An opportunity is a potential sale, similar to a lead, but with an opportunity you can forecast revenue, set a potential close date, and factor in a probability for the sale. You must link a new opportunity to an existing account or contact, and price list. This is needed for the automated pricing of products that interest the opportunity.
Using opportunities, you can run pipeline reports on estimated revenue based on pending new sales.
Creating and Converting Opportunities
You can create a new opportunity, or convert one from a qualified lead without re-entering the data. When you convert a qualified lead to an account, contact, or opportunity, you can access the lead record, which includes activities and notes, from the corresponding opportunity form.
You cannot convert an opportunity to a lead; you can only close opportunities.
In an opportunity you can track contact information, the salesperson working on the opportunity, the probability of closing the sale, and the projected closing date of the sale.
Understanding How Accounts, Contacts, Leads, and Opportunities Relate
Account and contact records represent established customers. Leads are potential or prospective customers. Opportunities are not a specific customer, such as a lead, contact, or account, and therefore require a customer record to be added to the opportunity.
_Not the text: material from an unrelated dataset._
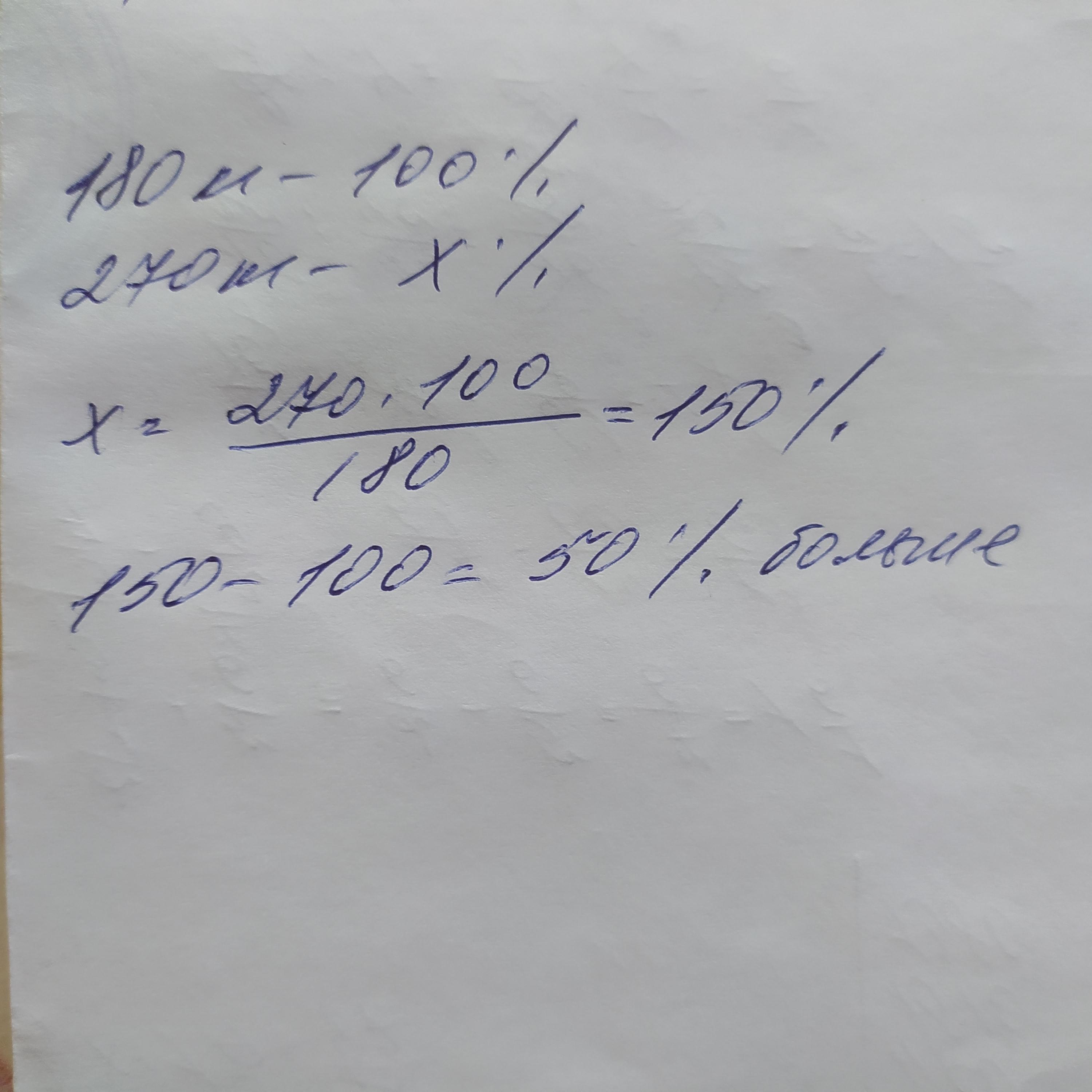 Вмагазин за один деньпрадали 180 кг памидоров, а за дргугой -270 кг. На сколько працентов больше магазин прадал памидоров за второй день?
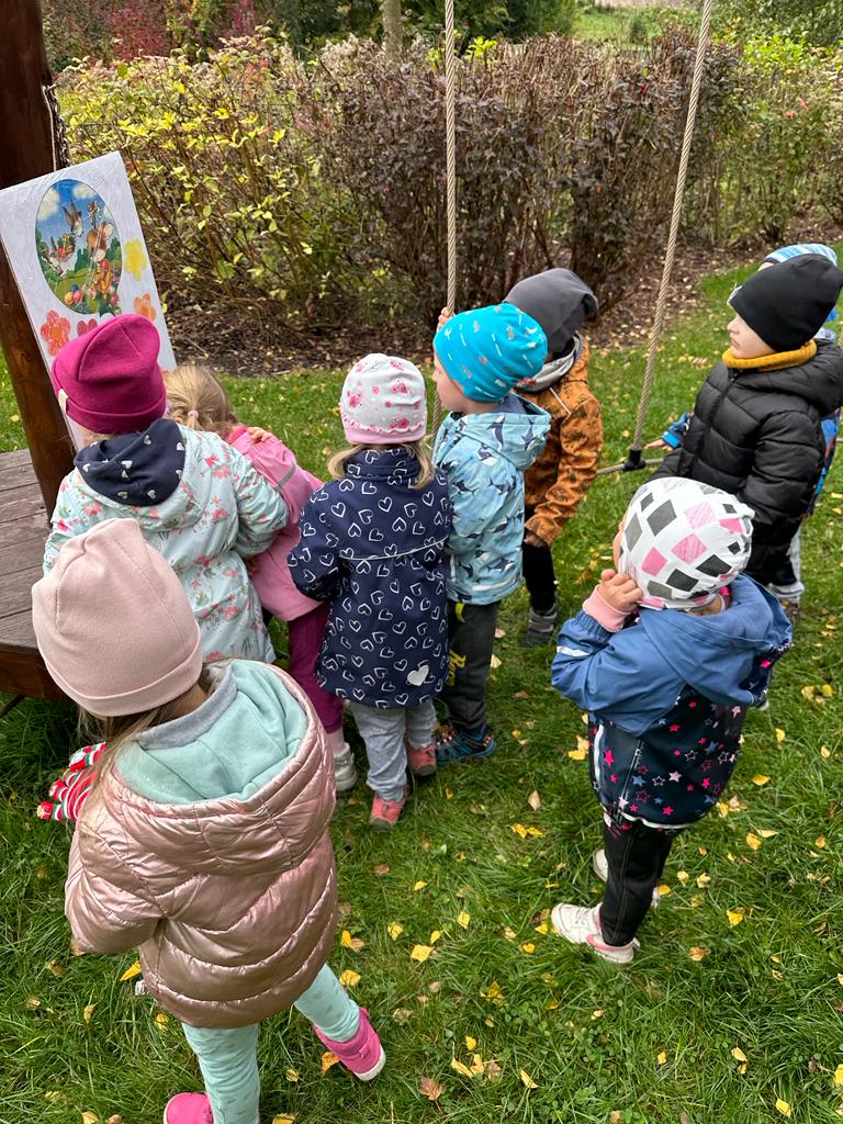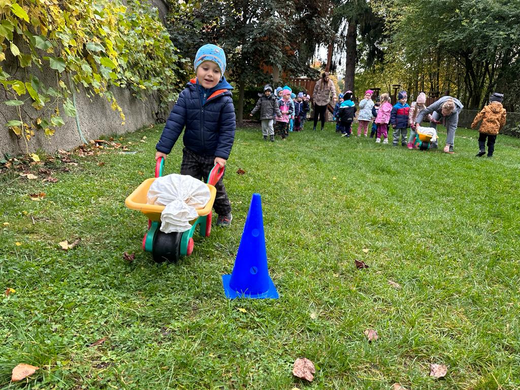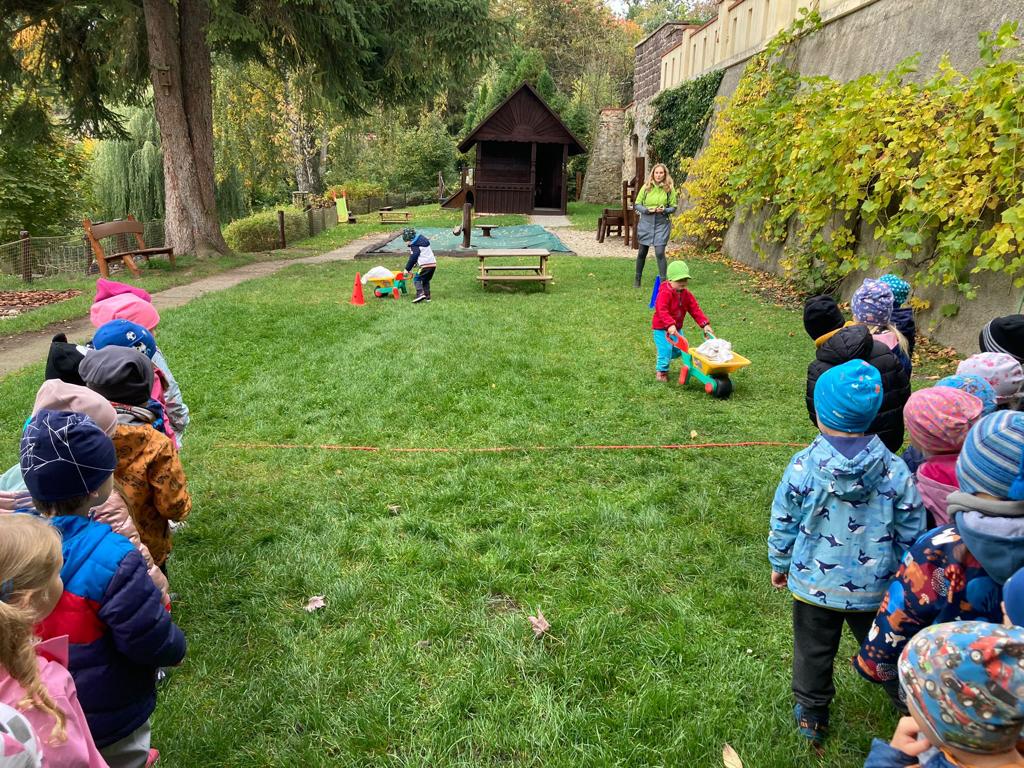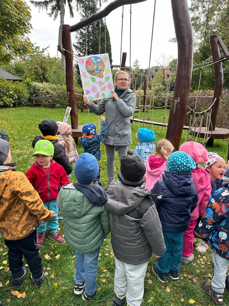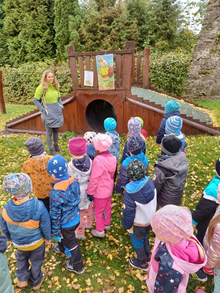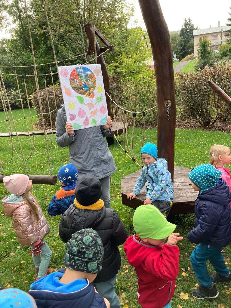 Dopolední akce zamykání zahrady se skřítkem podzimníčkem.

When you add a product to an opportunity, the opportunity's estimated revenue value is calculated based on the base price, volume discounts, manual discounts, taxes, and other pricing modifications for the product.
Typically, you will update the estimated revenue value of an opportunity by saving, closing, and reopening it, but you can also do this by manually recalculating the value. Recalculations are not saved unless you save and close the opportunity.
You can create a relationship between opportunities, accounts, or contacts; specify the type of relationship between them; and define the relationship role that the account or contact has with regard to the opportunity.
The relationship role assigned to the associated account or contact determines how the account or contact affects, influences, or contributes to the opportunity.
Adding Sales Transactions
You can start a sales transaction, such as a quote, order, or invoice, from within the opportunity record. The advantage of starting sales transactions in this manner is that much of the information is automatically entered based on the opportunity data. You can also view any sales transaction records from within the opportunity record to track the overall sales process and expected revenue. You cannot convert an opportunity to an order, quote, or invoice, but you can associate the opportunity to these records.
Opportunities can be linked with competitor information and analyzed to identify the most effective selling strategies. If you determine that the competitor you have associated with an opportunity is no longer a threat to making the sale, you can disassociate that competitor from the opportunity without deleting the competitor record from Microsoft Dynamics CRM Online.